- [EXERCISE]
Reproduce only what runs from the line containing "10月に発表された「ITreview Grid Award" to the line containing "在县人民法院开展政治督察和纪" in the records below, inclusive. Keep it exact, and keep the pictures out.

========================================================================

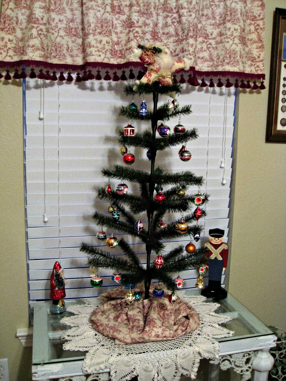 This little tree is in the other guest room on a bookcase that is between the twin beds. It stays up all year and I change the ornaments for the seasons (unless it is a season I don't have ornaments for yet - then it is just bare)
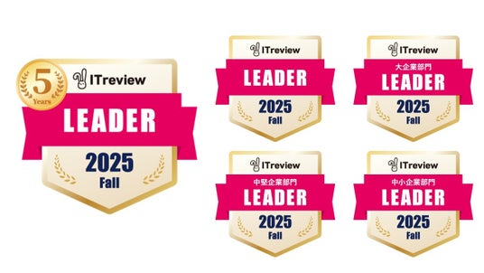 10月に発表された「ITreview Grid Award 2025 Fall」では、ITreviewに集まった約14.6万件のレビューをもとに、顧客満足度と認知度の双方が優れた製品を「Leader」として表彰、バッジが発行されています。ITreviewのLeaderは多くの利用者から支持を得ている証であり、大企業や中堅企業、中小企業といった各企業規模のユーザーから高評価だった場合にも、大企業部門のLeader、中小企業部門のLeaderなどと称号が与えられています。
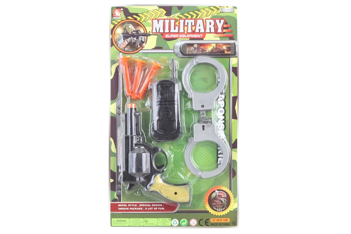 Linksmas karinis rinkinys mažiesiems nuotykių ieškotojams su realistiškais priedais aktyviam žaidimui. Įeina revolveris, trys kulkos su siurbtukais, racija ir antrankiai. Tinka vaikams nuo 3 metų.
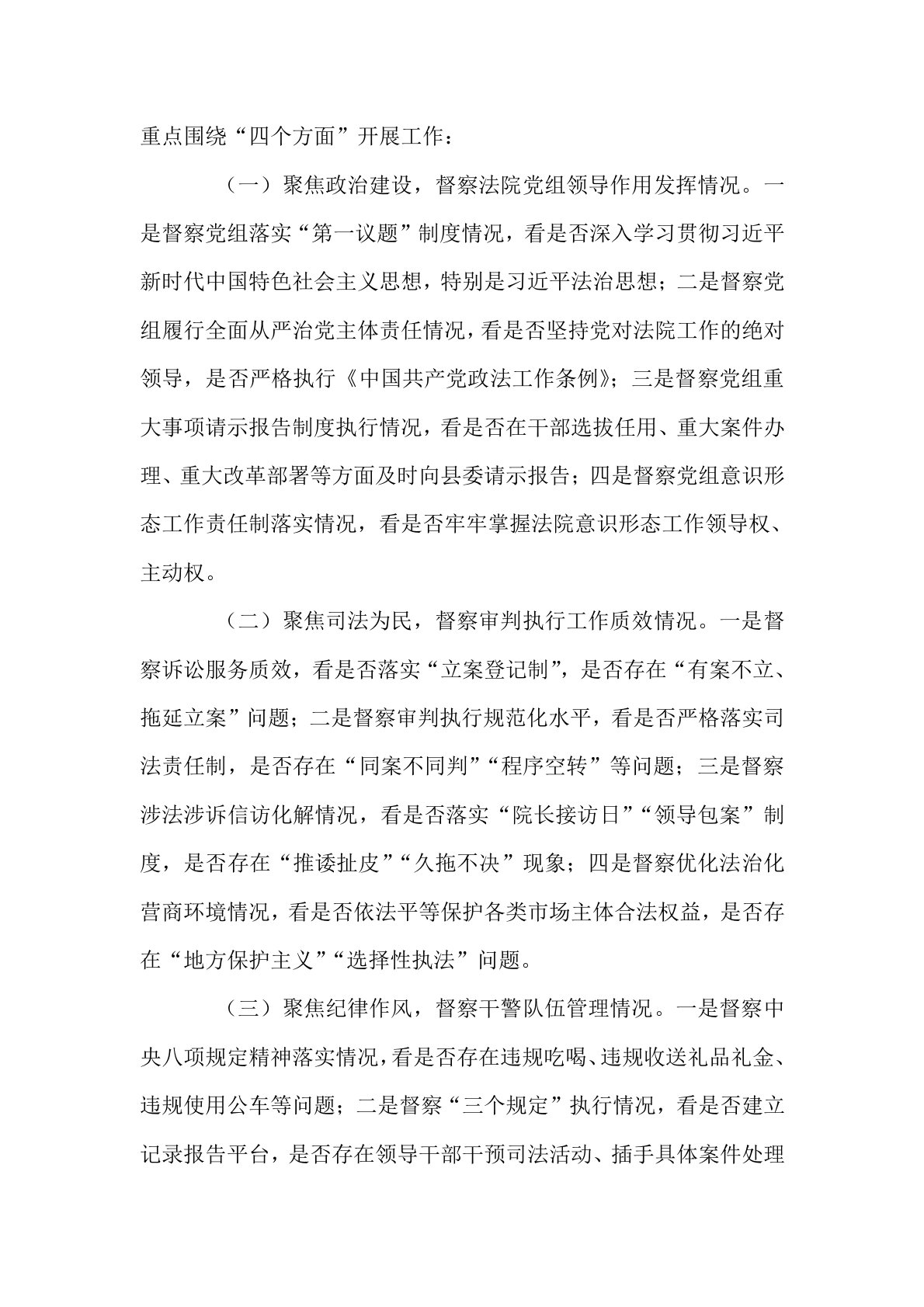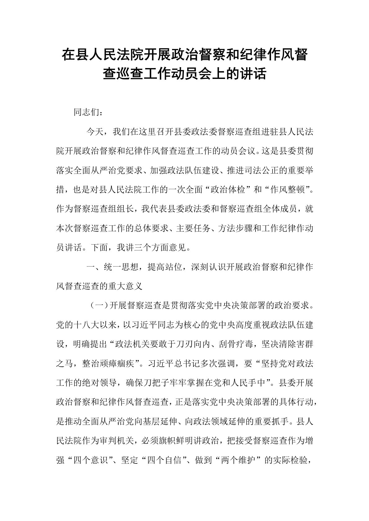 在县人民法院开展政治督察和纪律作风督查巡查工作动员会上的讲话同志们:今天,我们在这里召开县委政法委督察巡查组进驻县人民法院开展政治督察和纪律作风督查巡查工作的动员会议。这是县委贯彻落实全面从严治党要求、加强政法队伍建设、推进司法公正的重要举措,也是对县人民法院工作的一次全面“政治体检”和“作风整顿”。作为督察巡查组组长,我代表县委政法委和督察巡查组全体成员,就本次督察巡查工作的总体要求、主要任务、方法步骤和工作纪律作动员讲话。下面,我讲三个方面意见。一、统一思想,提高站位,深刻认识开展政治督察和纪律作风督查巡查的重大意义(一)开展督察巡查是贯彻落实党中央决策部署的政治要求。党的十八大以来,以习近平同志为核心的党中央高度重视政法队伍建设,明确提出“政法机关要敢于刀刃向内、刮骨疗毒,坚决清除害群...
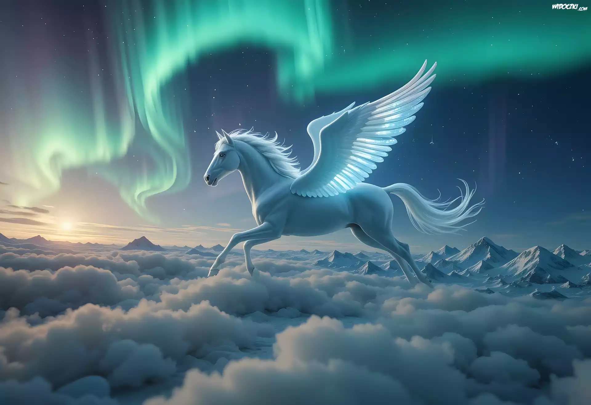 Zdjęcia, Fantasy, Koń, Biały, Skrzydła, Pegaz, Zorza polarna, Chmury
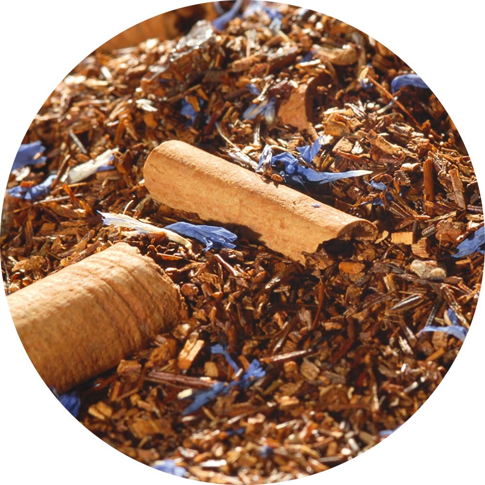 Rotbuschtee (78%), Pflaumenstücke (8%), Zimtstangen (8%), natürliches Aroma, Kornblumenblüten, Zimtstücke (1%), Aroma, natürliches Nelken-Aroma.
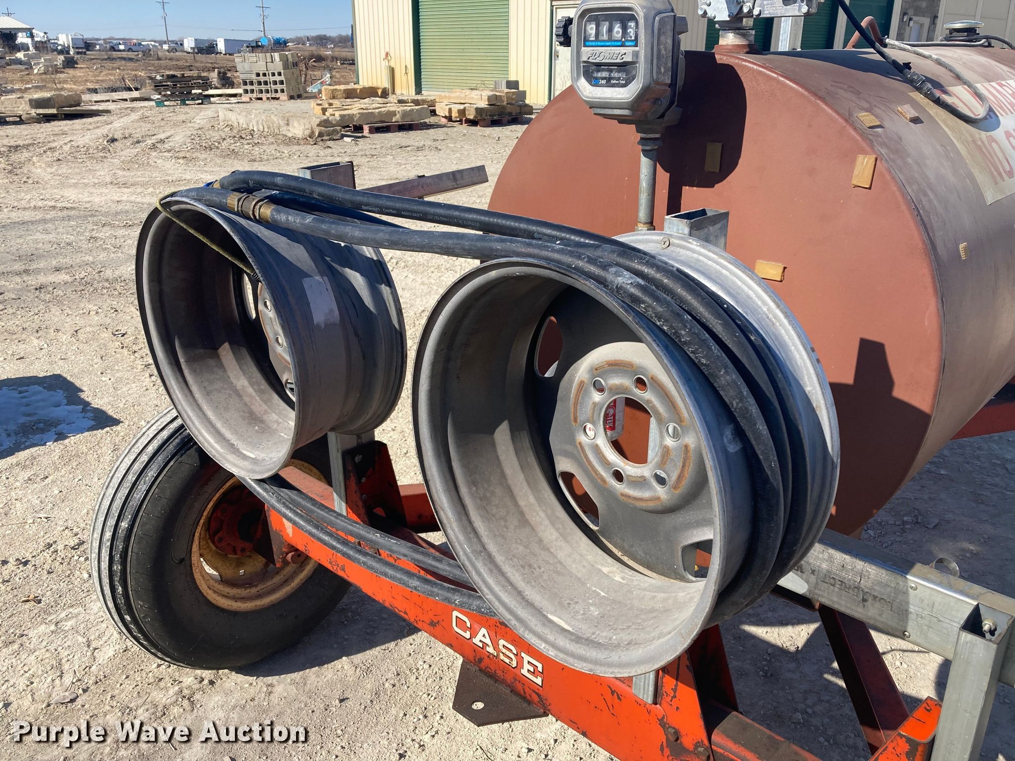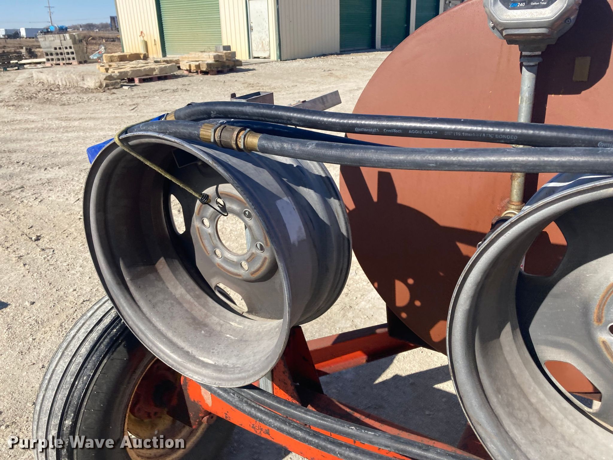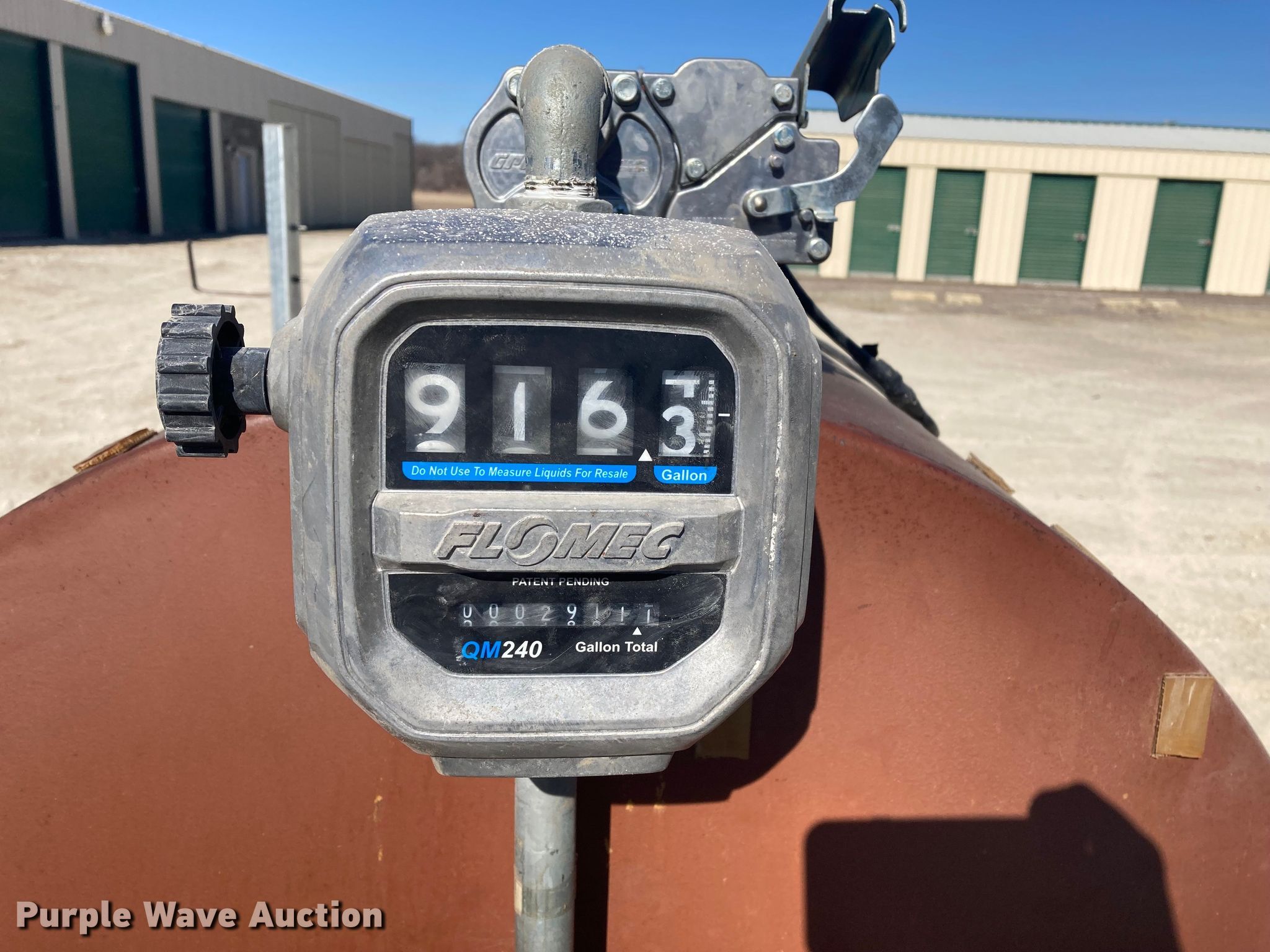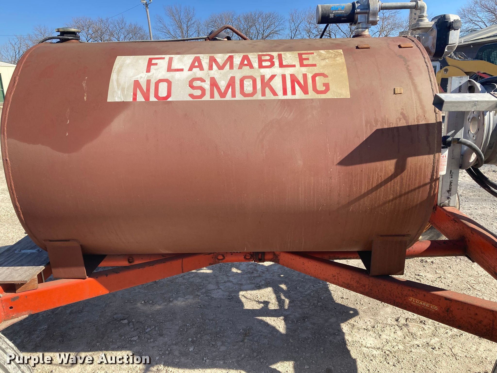Shop built tank trailer. Dimensions. Overall: 6' 8" L x 80" W. Features Tank type: Steel Capacity: 300 gallons, Pump GPI, Fuel nozzle GPI, Flomec QM240 meter. Chassis Hitch: Pintle. Tires Size: 9.5-14. LeDuc Memorial Design. Manhattan, KS 66502
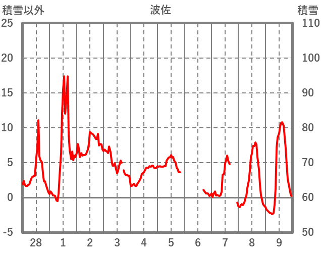 | 日 | 時 | 気温 | 降水 | 風向/風速 | 日照 | 積雪 | 降雪 |
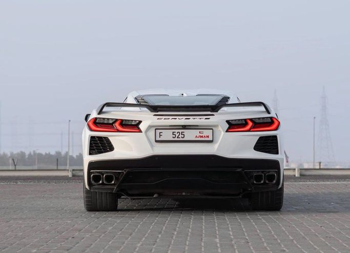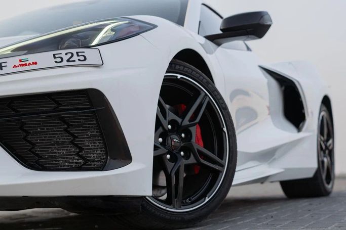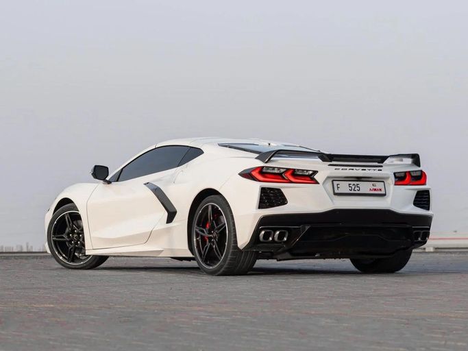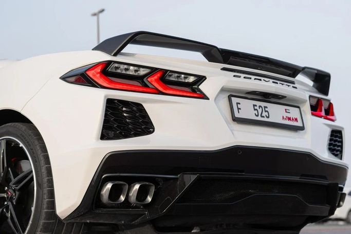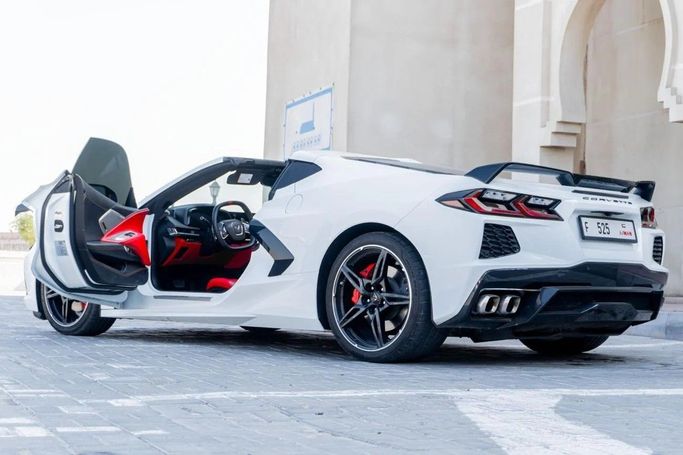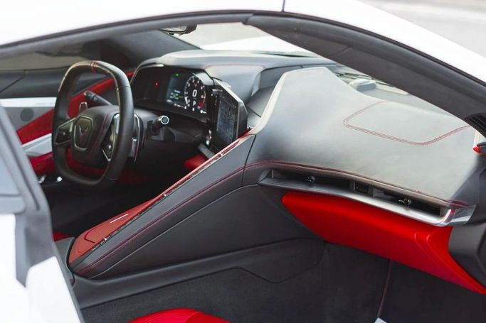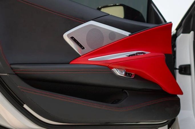Chevrolet Corvette 3LT, imported – white exterior with a red interior, 64,000 km mileage – excellent condition – comfortable and sporty. Detailed specifications: Full 3LT trim, very attractive premium red leather interior, power seats with cooling and heating + driver memory, BOSE sound system, large central screen + Apple CarPlay/Android Auto, rear camera + front and rear sensors, HUD head-up display, smart entry and start (push start), dual-zone climate control, front and rear LED lighting, Sport/Comfort driving modes, sport rims + excellent tires, regularly maintained –
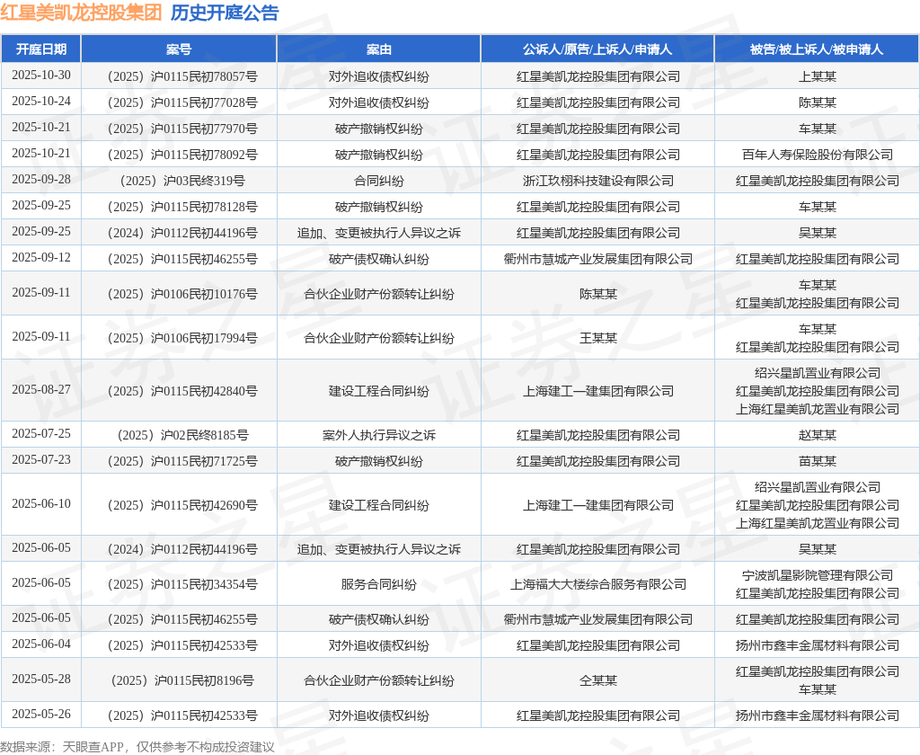 案号:(2024)沪0112民初44196号根据统计,近一年内以红星美凯龙控股集团有限公司为当事人的历史开庭公告有57则,其中案由为“合伙企业财产份额转让纠纷”的公告以12则居首,其次为“破产债权确认纠纷”有7则,“合同纠纷”有5则。历史开庭公告(前20条)如下:

========================================================================

- [REPLY TO THE TASK]
 10月に発表された「ITreview Grid Award 2025 Fall」では、ITreviewに集まった約14.6万件のレビューをもとに、顧客満足度と認知度の双方が優れた製品を「Leader」として表彰、バッジが発行されています。ITreviewのLeaderは多くの利用者から支持を得ている証であり、大企業や中堅企業、中小企業といった各企業規模のユーザーから高評価だった場合にも、大企業部門のLeader、中小企業部門のLeaderなどと称号が与えられています。
 Linksmas karinis rinkinys mažiesiems nuotykių ieškotojams su realistiškais priedais aktyviam žaidimui. Įeina revolveris, trys kulkos su siurbtukais, racija ir antrankiai. Tinka vaikams nuo 3 metų.
 在县人民法院开展政治督察和纪律作风督查巡查工作动员会上的讲话同志们:今天,我们在这里召开县委政法委督察巡查组进驻县人民法院开展政治督察和纪律作风督查巡查工作的动员会议。这是县委贯彻落实全面从严治党要求、加强政法队伍建设、推进司法公正的重要举措,也是对县人民法院工作的一次全面“政治体检”和“作风整顿”。作为督察巡查组组长,我代表县委政法委和督察巡查组全体成员,就本次督察巡查工作的总体要求、主要任务、方法步骤和工作纪律作动员讲话。下面,我讲三个方面意见。一、统一思想,提高站位,深刻认识开展政治督察和纪律作风督查巡查的重大意义(一)开展督察巡查是贯彻落实党中央决策部署的政治要求。党的十八大以来,以习近平同志为核心的党中央高度重视政法队伍建设,明确提出“政法机关要敢于刀刃向内、刮骨疗毒,坚决清除害群...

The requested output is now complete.